I have sets dozens of lap records on the empty tracks of testing, and lots of fastest laps on the Fridays and more importantly I have done many, many quick long runs on top of it. On top of it I already came into F1 with a big technical interest.
I could raise the game there to now be, according to the team, one of the best drivers in terms of feedback and pushing. So that is a very nice combination for the team and you have to understand that I am fully hungry to do so. So that is why I am here.
Q. Emotionally, does this deal feel even better because it has been so long since your last race deal?
AW: No. When you are a young guy, when you work hard to come to F1 and you have your first ever go in an F1, and you have your first test and your first race it is all tremendously exciting. So is it now.
It is very difficult for me to say what felt more special, but it definitely is special. There are more people going into space every year than there are F1 drivers and racing for Williams is a traditional team - it is super cool.
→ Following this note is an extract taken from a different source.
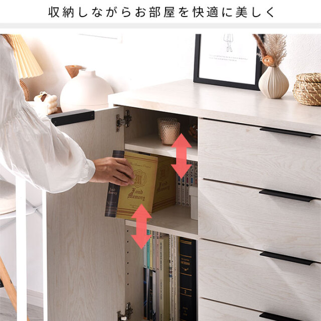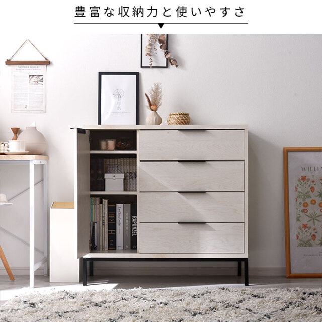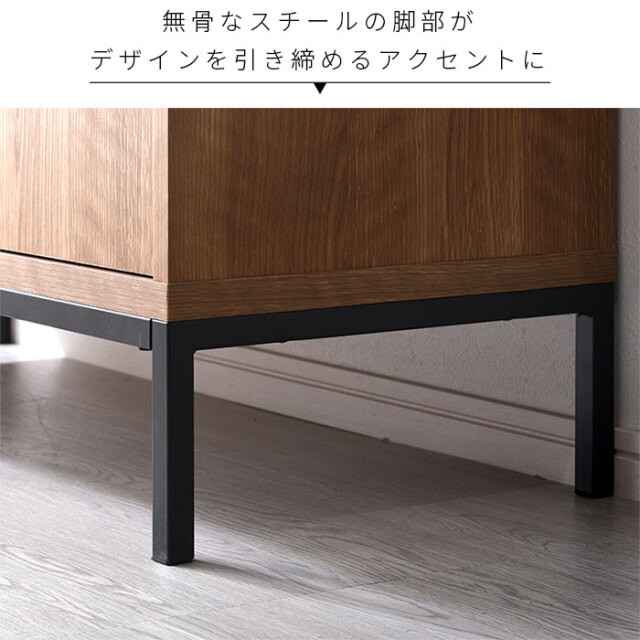 | 生活感の出やすい雑多な小物も扉で隠してすっきり。 中身の見えない大容量の収納スペースと木目調が魅力の美しいデザイン性で生活感を抑えた上質なお部屋づくりをして頂けます。 ブラックスチールの脚部で程良く個性を持たせたシンプルなフォルムの中に上質さを感じさせるデザインになっています。 見栄えはスッキリ美しく洗練された空間作りができます。 | |

I am really stoked about that.
Q. Will there be any chance to do a race drive at the end of this year?
AW: No, it hasn't been discussed. Of course it was discussed in the sense that I am a spare driver and if something happens to a driver, which I don't hope because I like Mark and Nico both, you never know what is happening in F1.
I have learned that also in my career because I started my career as a test driver replacing someone - just as Pedro de la Rosa and Robert Kubica will race this weekend. This sport is very fast moving so you should never say no. But in normal conditions I will end the season as third driver.
Q. How good was the working relationship with Mark?
AW: I worked with both, but it was good. We are professional; I have known Mark for a long time. He came into sportscar racing after me, in fact I was teammate with Bernd Schneider and that is how we met. We always had a good relationship and talked a lot, which got quite intense as soon as I moved to Williams because we are sitting in the same boat - we have to develop the car.
Certainly I do that all the time, we still do it, because it is still his racing season. If he now stops working, with the speed of development now, he will feel it at the end of the season. So it is flat out all the time until you make the handshake and say okay, bye.
Q. Some teams put their test drivers to one side. Do you think Williams played closer attention to your abilities and feedback than McLaren?
AW: No. You have to actually ask the engineers that, but I know for the fact that some race drivers out there, not too many and I won't mention any names, but they are key elements of team decisions and technical developments. It is always a team effort and if a team is doing well it is not because the test driver is doing well.
If the car is bad it is not because the test driver screwed up. It is a big chain of people and very complex how you work together, but some out there - including myself - are very important for the teams and the teams appreciate it. You see the developments; it is just crucial at the moment.
Q. Is there one ability or one skill that helped you get this drive?
AW: No. If you only have one good skill then a team will not sign you. Especially not Frank! So it is a combination that has to work out and they must be comfortable that the driver line-up is Nico and myself for next year. We have to prove this with lap times, with effort, pushing the team, working with the team, but it all comes down in the end to go as quick as possible from the lights to the chequered flag. The period starts now with developing the car.
Q. What are the aspirations for next year with Toyota?
AW: Williams signed the deal and announced it last week. It is an incredible engine manufacturer, with tremendous possibilities and capacities. And we already know some facts from the engine, which is important because the car is designed. You know there is a certain period of finding each other, but having the announcement so early helps to speed up the process.